Преобразившийся поднял рогатую голову и завыл, зарычал, выпустив из ноздрей плотную струю тумана, а из глотки — выдохнул иссиня-белое пламя. В этом полурыке-полувое было все: горечь, жалоба, голод, мольба. Взлетел рык, встал дракон на крыло, приподнялся, а потом резко упал оземь и затих. С неизбывной тоской почувствовал, что человеческие его воспоминания комкаются и уходят. От этого стало легче, боль и страх прошли, остался лишь голод. Повел рогатой головой по сторонам, принюхался, раздувая ноздри. Учуял, что народились у полосатой крысы в яме крысеныши. Склонился и зачерпнул пастью все, что попалось на клык.
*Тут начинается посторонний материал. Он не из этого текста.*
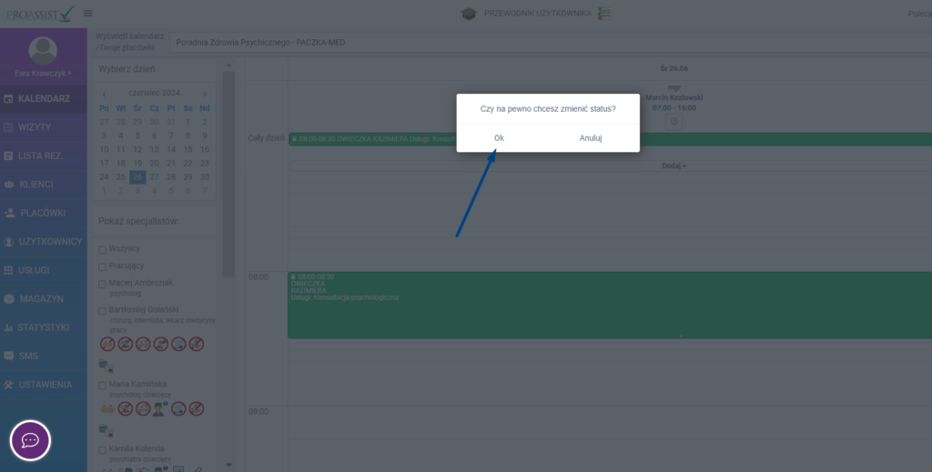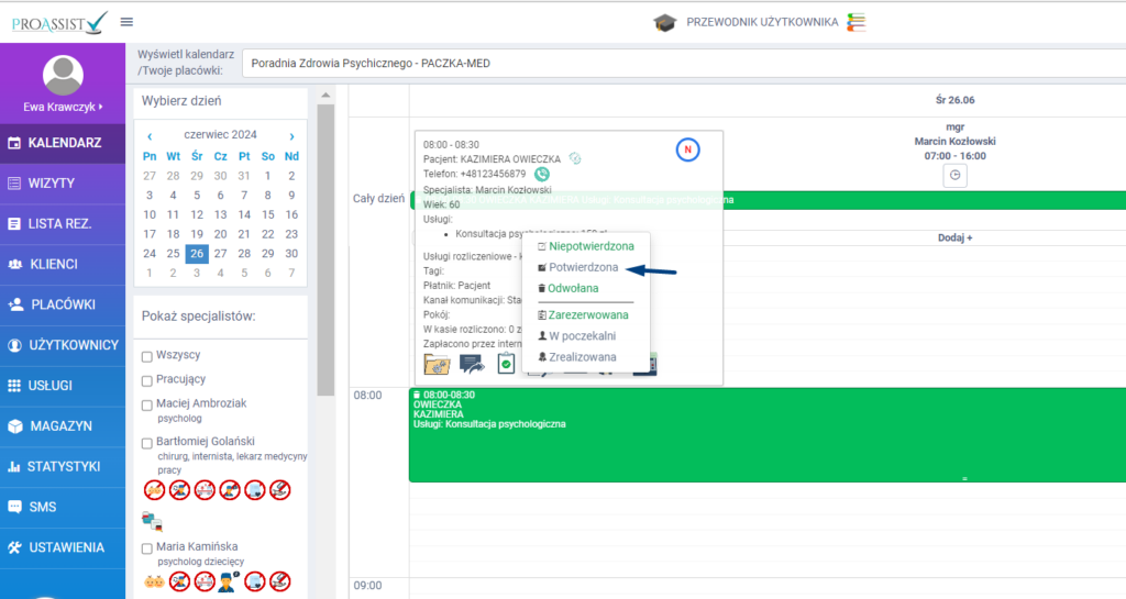 W ten sposób wizyta odwołana, zostanie zmieniona na wizytę ze statusem aktywnym – potwierdzonym.

Захрустел косточками, пробуя. Пережевал. Фыркнул. Подошел, переваливаясь, к яме поближе, опустил туда длинную шею и начал, причавкивая и похрустывая, жевать все, что было в ней и не успело сбежать… И вот свершилось — затихла человеческая память, став памятью драконьей, которая помнила только то, что помнили драконы, хроновы дети. Сожранное удачно упало в желудок.
Где-то высоко засияли солнца в омытом дождями небе, над ущельем раскинулись радуги, выгнув высокие многоцветные спины. Защебетали вновь невидимые птицы, застрекотали и зашептались насекомые, стали слышны звуки великого Ущелья Водопадов, снова живущего своей жизнью. Жители поселений, окружающих Ущелье, после этой страшной грозы услышали страшный рык и зашептались, что вот де, скоро конец всему настанет… Вспоминали великое предсказание и предания о проклятых драконах, пугали ими и Хроном детей на ночь, чтобы неповадно тем на подворье выходить.